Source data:
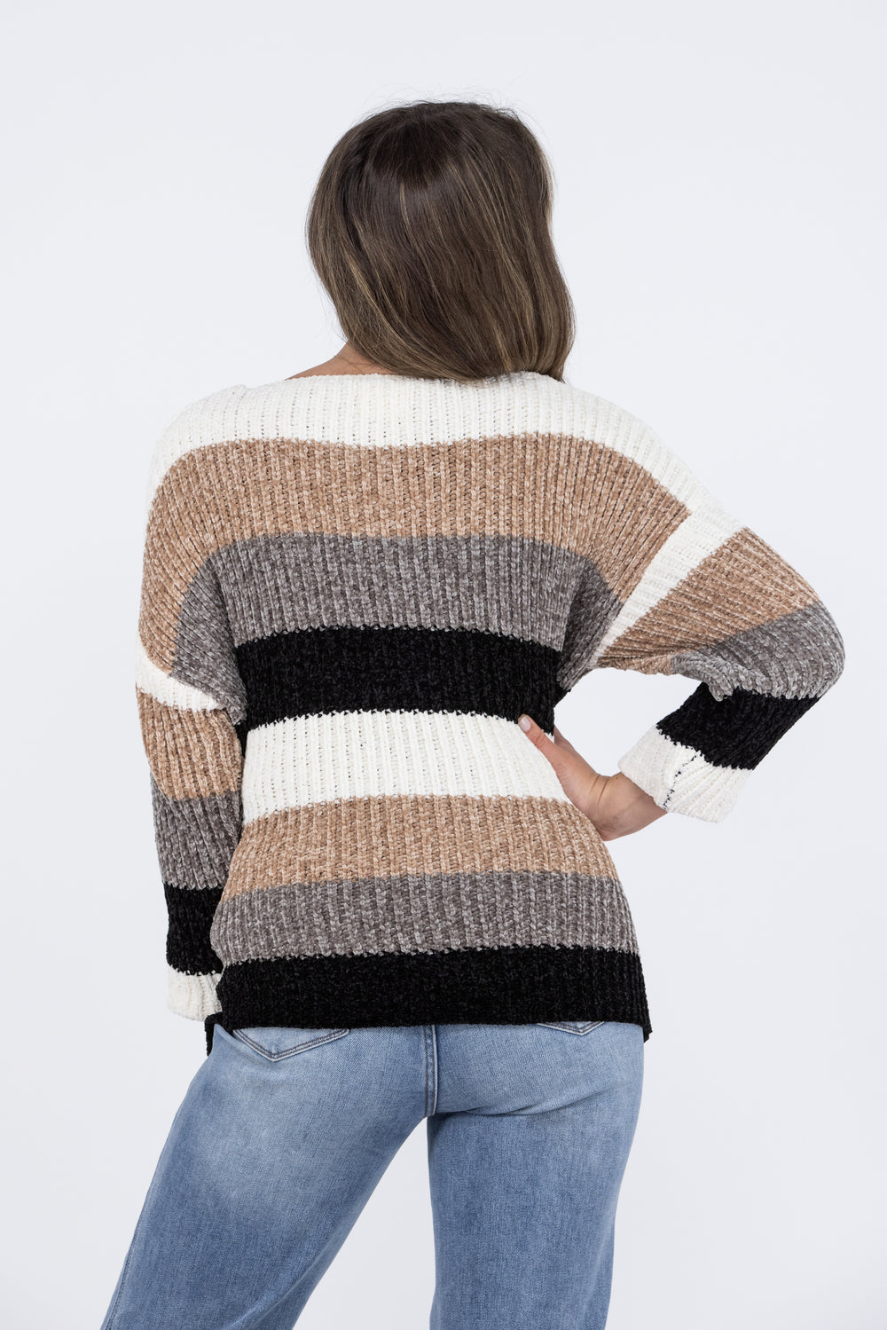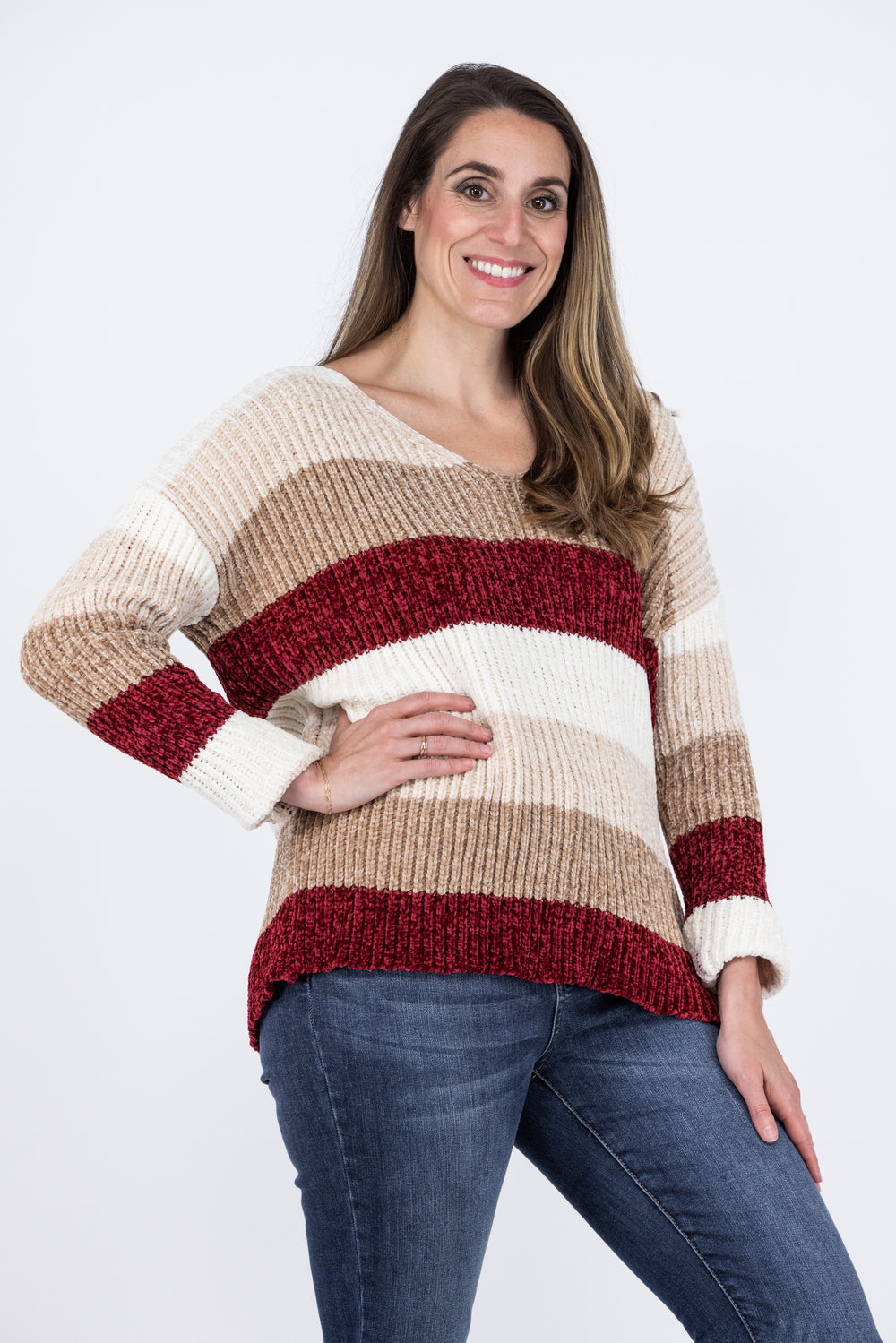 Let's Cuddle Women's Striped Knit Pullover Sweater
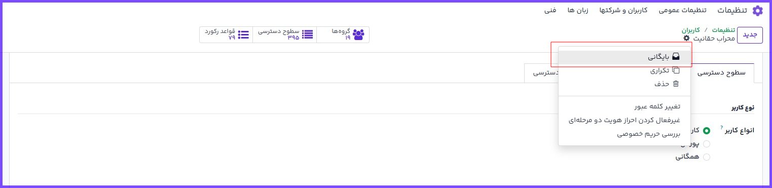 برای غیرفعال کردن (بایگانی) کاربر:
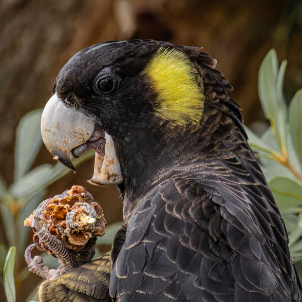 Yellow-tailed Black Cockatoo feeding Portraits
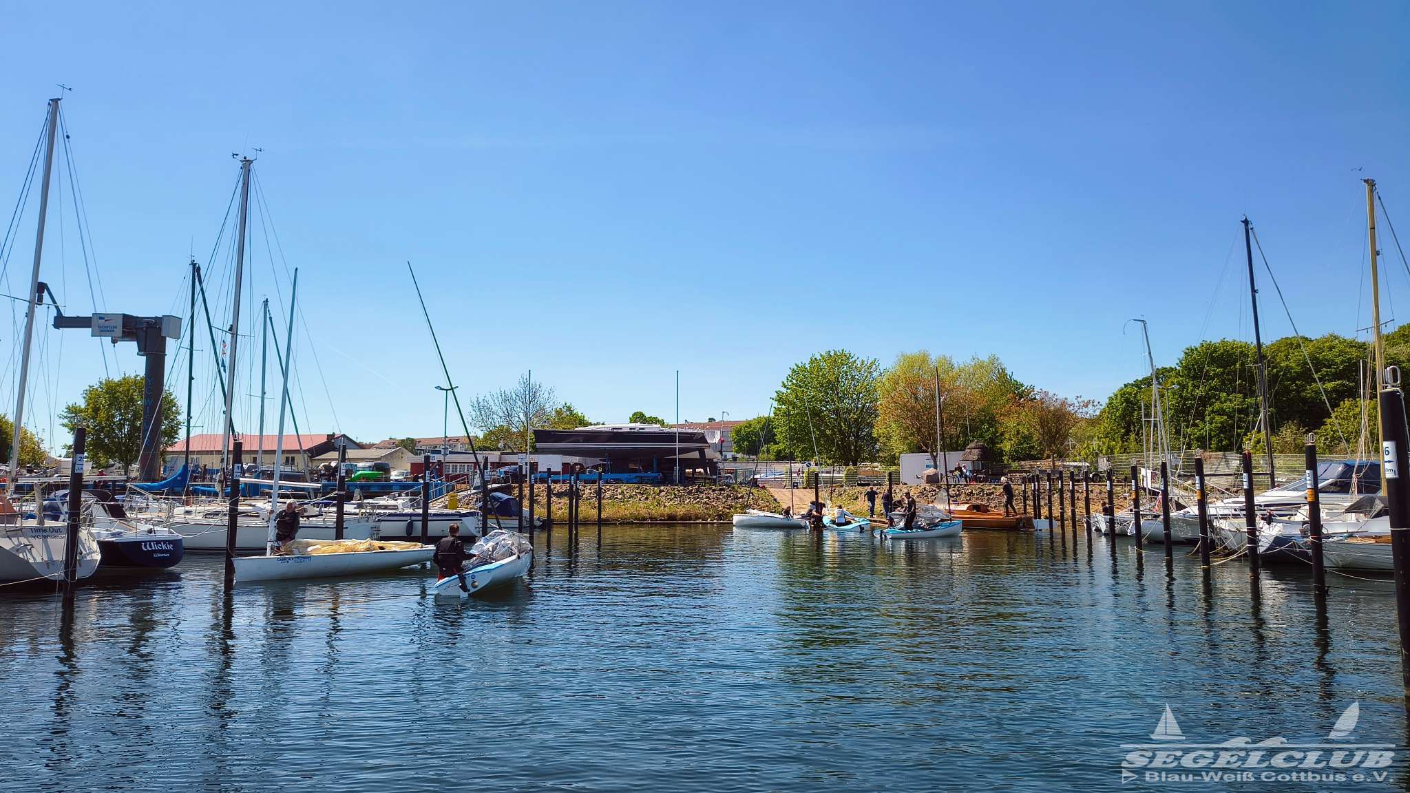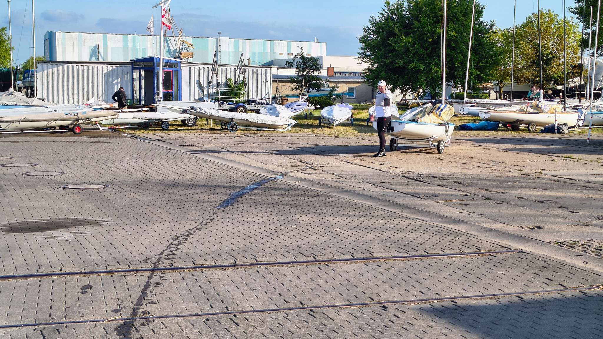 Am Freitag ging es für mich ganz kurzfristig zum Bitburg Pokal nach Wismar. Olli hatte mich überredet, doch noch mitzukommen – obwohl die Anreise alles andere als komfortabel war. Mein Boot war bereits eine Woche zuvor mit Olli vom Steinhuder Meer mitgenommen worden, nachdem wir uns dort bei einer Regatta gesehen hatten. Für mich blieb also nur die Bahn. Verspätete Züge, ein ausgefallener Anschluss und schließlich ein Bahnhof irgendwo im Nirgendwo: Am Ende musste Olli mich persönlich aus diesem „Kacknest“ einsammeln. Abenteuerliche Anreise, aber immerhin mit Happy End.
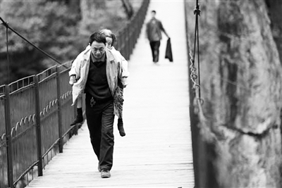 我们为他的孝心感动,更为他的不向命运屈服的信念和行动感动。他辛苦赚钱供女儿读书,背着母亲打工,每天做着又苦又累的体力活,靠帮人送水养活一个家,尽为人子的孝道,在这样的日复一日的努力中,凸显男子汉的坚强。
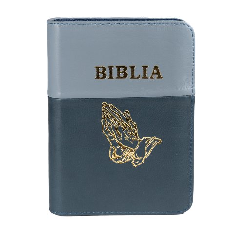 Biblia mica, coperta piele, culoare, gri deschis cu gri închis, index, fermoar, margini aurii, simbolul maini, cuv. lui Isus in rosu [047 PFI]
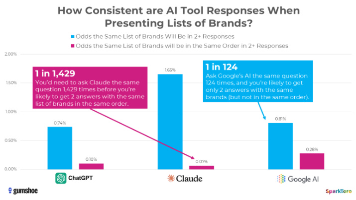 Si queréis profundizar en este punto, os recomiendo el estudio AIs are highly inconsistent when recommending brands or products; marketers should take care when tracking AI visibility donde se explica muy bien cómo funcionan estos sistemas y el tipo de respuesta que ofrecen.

PROBLEM:
Starting with the line that has "Am Freitag ging" and ending with the line that has "我们为他的孝心感动,更为他的", repeat the lines above exactly, omitting every picture.

RESPONSE BELOW:
 Am Freitag ging es für mich ganz kurzfristig zum Bitburg Pokal nach Wismar. Olli hatte mich überredet, doch noch mitzukommen – obwohl die Anreise alles andere als komfortabel war. Mein Boot war bereits eine Woche zuvor mit Olli vom Steinhuder Meer mitgenommen worden, nachdem wir uns dort bei einer Regatta gesehen hatten. Für mich blieb also nur die Bahn. Verspätete Züge, ein ausgefallener Anschluss und schließlich ein Bahnhof irgendwo im Nirgendwo: Am Ende musste Olli mich persönlich aus diesem „Kacknest“ einsammeln. Abenteuerliche Anreise, aber immerhin mit Happy End.
 我们为他的孝心感动,更为他的不向命运屈服的信念和行动感动。他辛苦赚钱供女儿读书,背着母亲打工,每天做着又苦又累的体力活,靠帮人送水养活一个家,尽为人子的孝道,在这样的日复一日的努力中,凸显男子汉的坚强。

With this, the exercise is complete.